:: DATA RECORDS ::

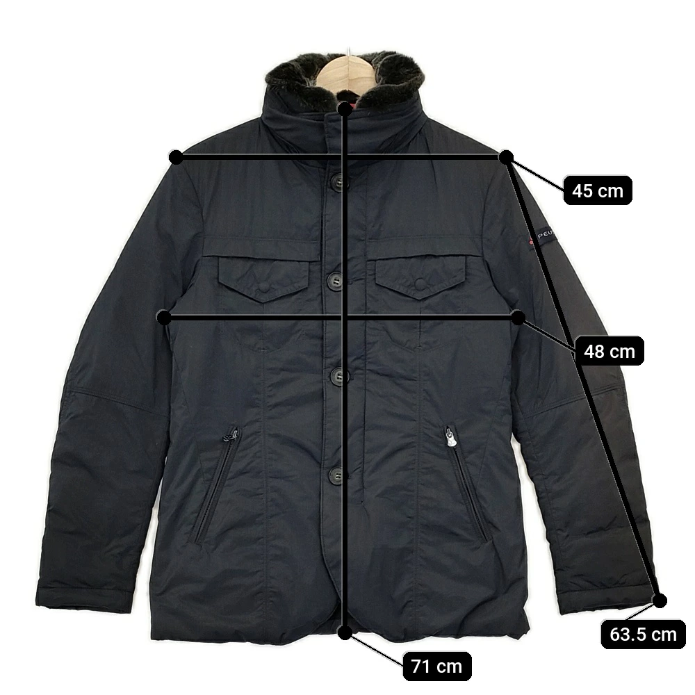 PEUTEREY Men's Navy Down Jacket with Rabbit Fur Collar (Product Code: 47253100) - Pre-owned. Product Code: 5-1020A
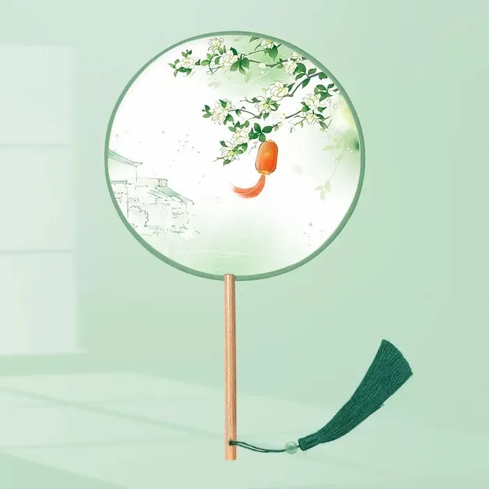 A custom silk hand fan is a beautifully crafted fan made from imitation silk with bamboo and wood handles, offering both durability and elegance. Available in three shapes—Round (8"), Petal (8"), and Haitang (8.5")—each fan is designed with a smooth, silky touch that blends modern simplicity with classical charm.
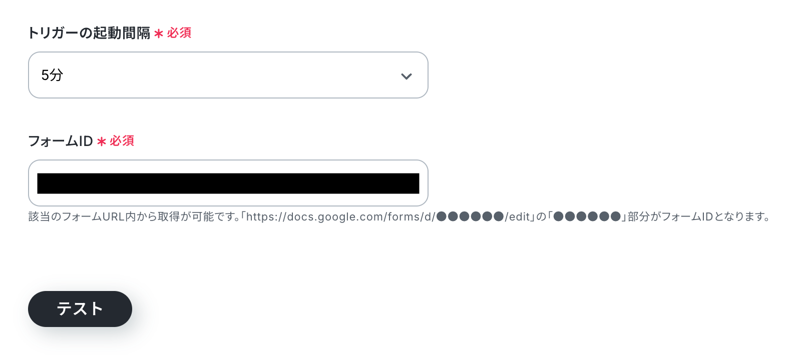 入力が完了したら「テスト」をクリックし、Googleフォームに送信した回答内容が正しく取得できるか確認しましょう。
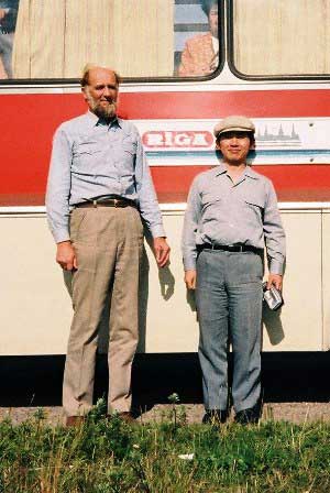 エクスカーションにはバスを使うことが多く、ちょっと長い旅になるとガイドさんばかりでなく、運転手さんとも仲良しになるのは必然。突然バスを止めたりして何事かと思ったら道ばたで売っていたスイカを買ってきてみんなにわけてくれたりという経験もある。写真はバルト三国をバスで北上した時のリガのドライバー。年輩の方で安心できる運転だった。 (1987年8月撮影・リガ〜タリン間)
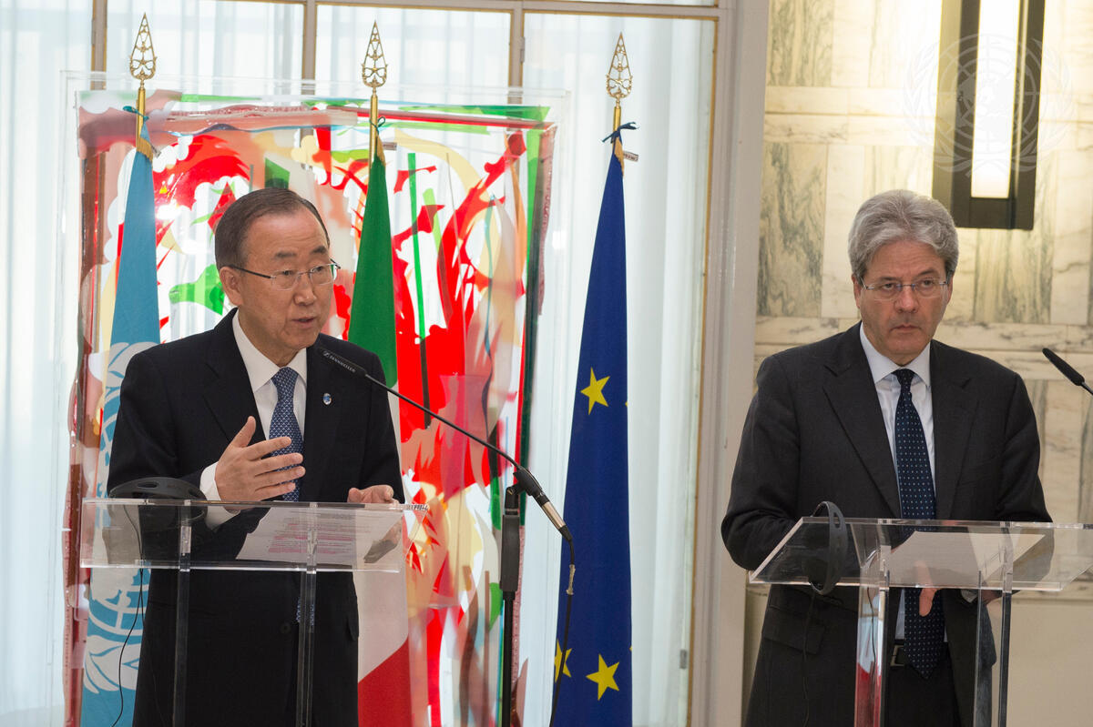 Secretary-General Ban Ki-moon (left) jointly addresses a press conference with Paolo Gentiloni (right), Minister for Foreign Affairs and International Cooperation of Italy, in Rome.
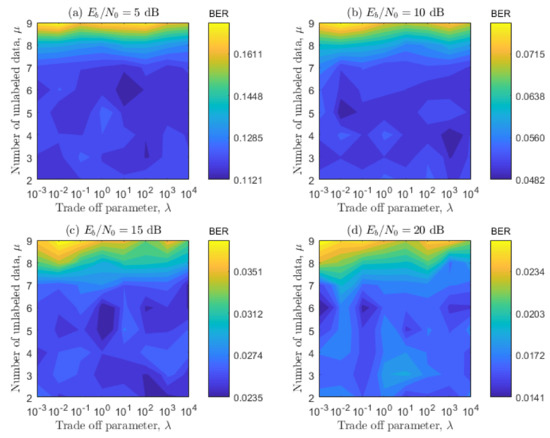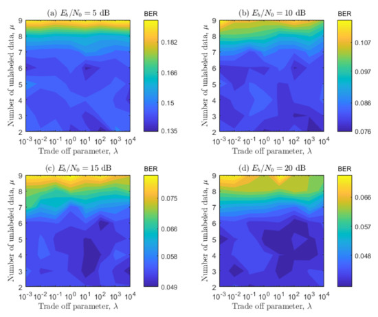 Once the values of C and were optimized, we proceed to optimize the parameters and simultaneously for the SS-ELM training/testing, in the same way as the previous ones for the standard ELM. Remember that represents the trade-off parameter between the supervised and no-supervised learning and proportionally represents the number of unlabeled samples; refer to the end of Section 3. Note that, for these results, we use a linear representation of the BER instead of a logarithmic one because the results are closer to each other and the resulting areas are smaller. Looking at the results of Figure 10 and Figure 11, it can bee seen that the optimal areas are relatively smaller when compared with the ones shown in Figure 8 and Figure 9. This means that there is a smaller range of values that can be used without compromising the BER performance. Furthermore, the values obtained are more sensitive to different channel configurations. It can also be seen in Figure 10 and Figure 11 that, when the value of the parameter is higher than 7, the system performs poorly. This result indicates that the proposed SS-ELM algorithm suffers over-fitting, or that there is too much noise added to the training process with the unlabeled data inclusion. When considering the parameter , it can be seen that the better values tend to be bigger than for the first configuration, and bigger than for the second configuration. This behavior means that SS-ELM benefits from bigger values of , meaning that the non-labeled data have a big impact on a one-to-one comparison with the labeled data. Then, the selected parameters are and , because this combination shows the best overall results for the simulated configurations. Finally, considering that the total value of unlabeled data used to train each data frame is times times 4, the total value used is 3072 symbols; when we compare this number with the total number of labeled data available for the training (616 symbols), we can observe that we use approximately five times more unlabeled data than labeled data for the training procedure. Hence, we take advantage of the semi-supervised paradigm, where we have few labeled data and plenty of unlabeled data. Transforming this to the studied communication scenario, we have only four pilot subcarriers to equalize 52 data subcarriers, but we use unlabeled data to improve the performance.
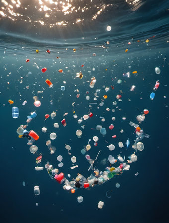 This captivating underwater scene reveals the alarming sight of plastic pollution, showcasing colorful debris and microplastics suspended in clear ocean water.
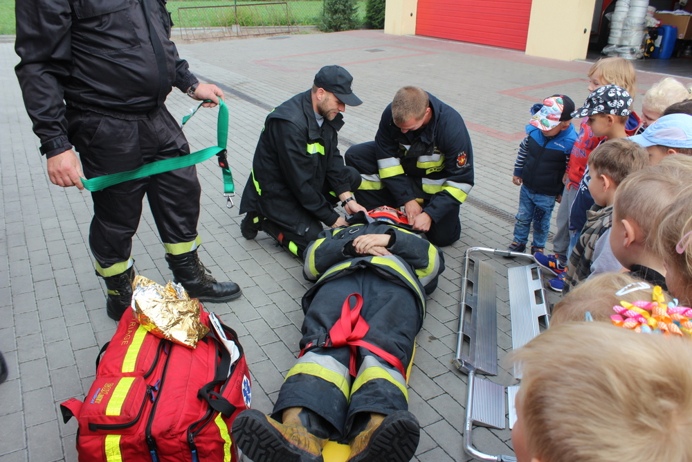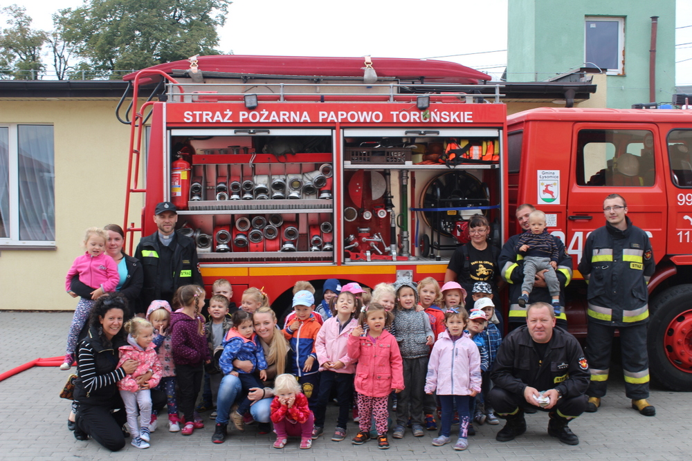Dzisiaj dzieci odwiedziły siedzibę Ochotniczej Straży Pożarnej w Papowie Toruńskim, gdzie dowiedziały się na czym polega praca strażaka. Każde dziecko miało okazję przymierzyć strażacki strój, wejść do strażackiego wozu, a na koniec lać wodę z prawdziwego strażackiego węża. Serdeczne podziękowania dla pana Henryka Kosielskiego oraz całego zespołu Ochotniczej Straży Pożarnej w Papowie Toruńskim za zaproszenie nas na tak ciekawe zajęcia!
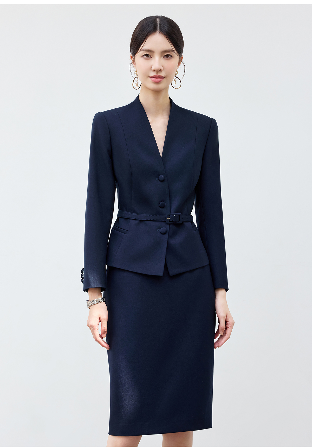 IWY/高级感藏青色西装套裙女气质酒店经理前台工作服商务职业装25CS8120
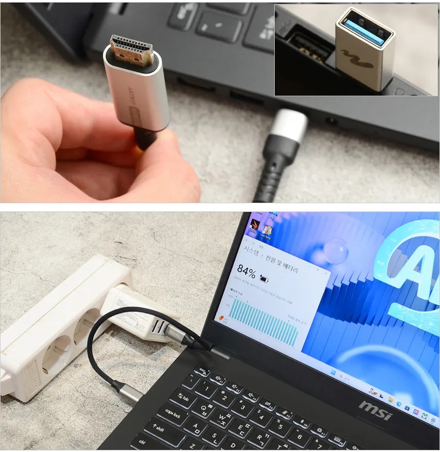 C타입 단자는 상시전원을 지원해 노트북이 꺼진 상태에서도 스마트폰 충전이 가능하다. (단, 전원은 연결되어 있어야 한다.)
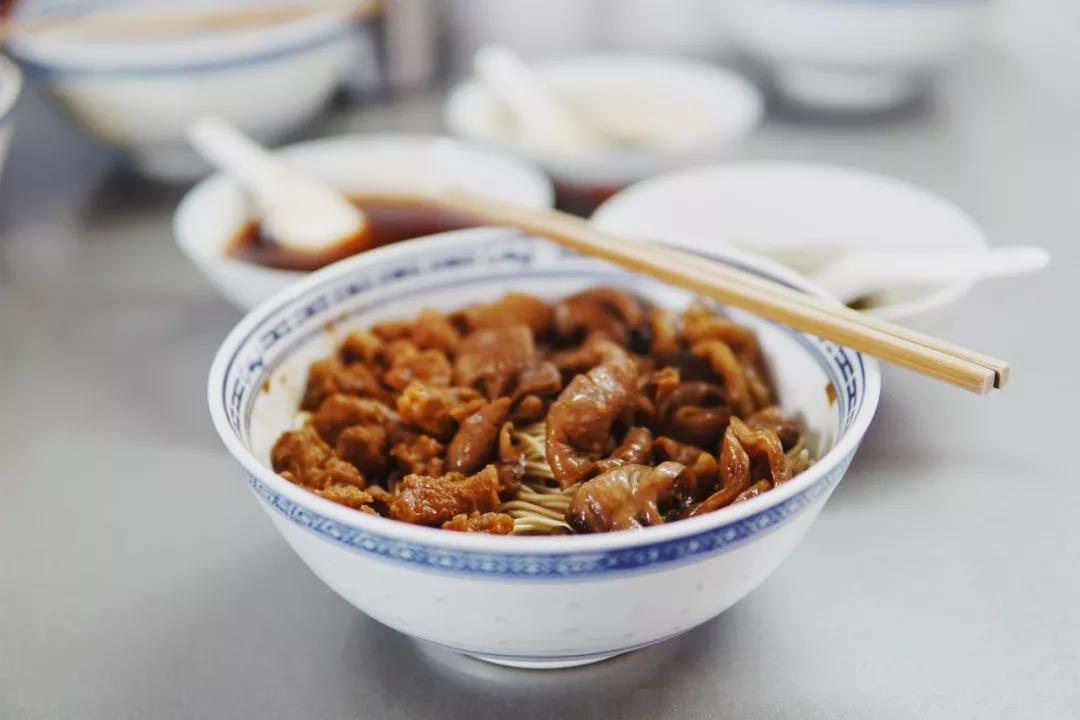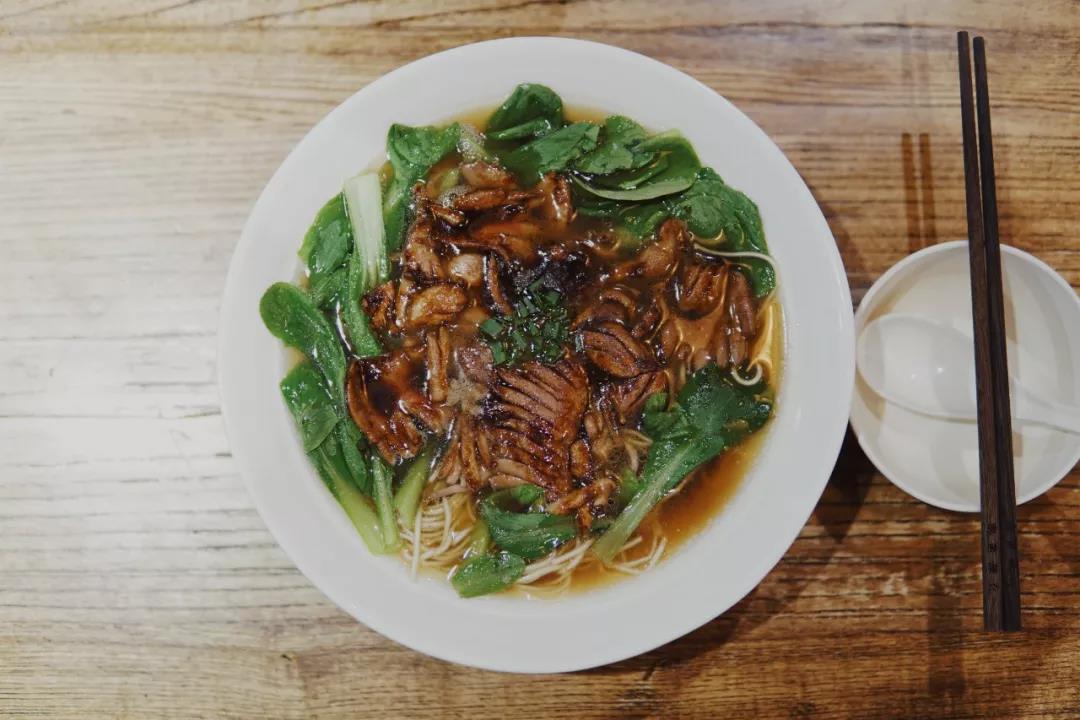 开业三十多年,老面馆经过包装升级,来的依然是老食客,号称“海上第一肠”,但我却更偏爱他家的腰花面。现炒的腰花浇头,厚薄均匀不僵不骚,浓油赤酱的汤头,一把绿油油的青菜,最后再撒一把的白胡椒,提味增鲜去腥,一切恰到好处,一大碗下肚美滋滋暖呼呼。
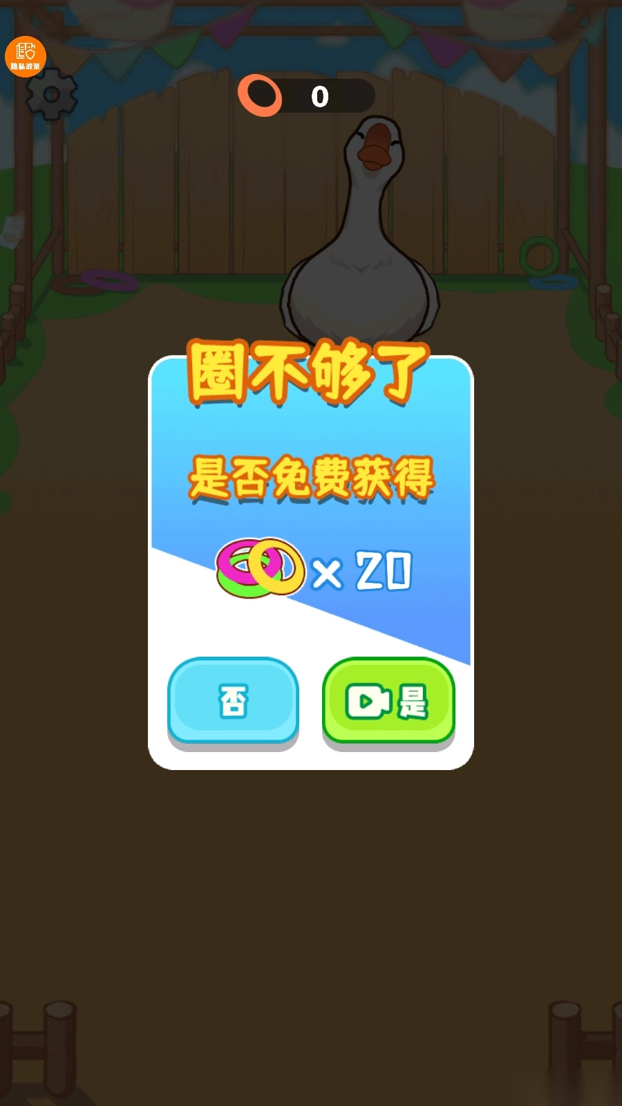 5、要是你的圈圈不够用了,可以通过观看广告来获取新的圈圈

:::

YOUR OBJECTIVE
From the line that holds "开业三十多年,老面馆经过包装" to the last line of the data, return those lines exactly and nothing else; both ends count, and pictures stay out.

RESPONSE
 开业三十多年,老面馆经过包装升级,来的依然是老食客,号称“海上第一肠”,但我却更偏爱他家的腰花面。现炒的腰花浇头,厚薄均匀不僵不骚,浓油赤酱的汤头,一把绿油油的青菜,最后再撒一把的白胡椒,提味增鲜去腥,一切恰到好处,一大碗下肚美滋滋暖呼呼。
 5、要是你的圈圈不够用了,可以通过观看广告来获取新的圈圈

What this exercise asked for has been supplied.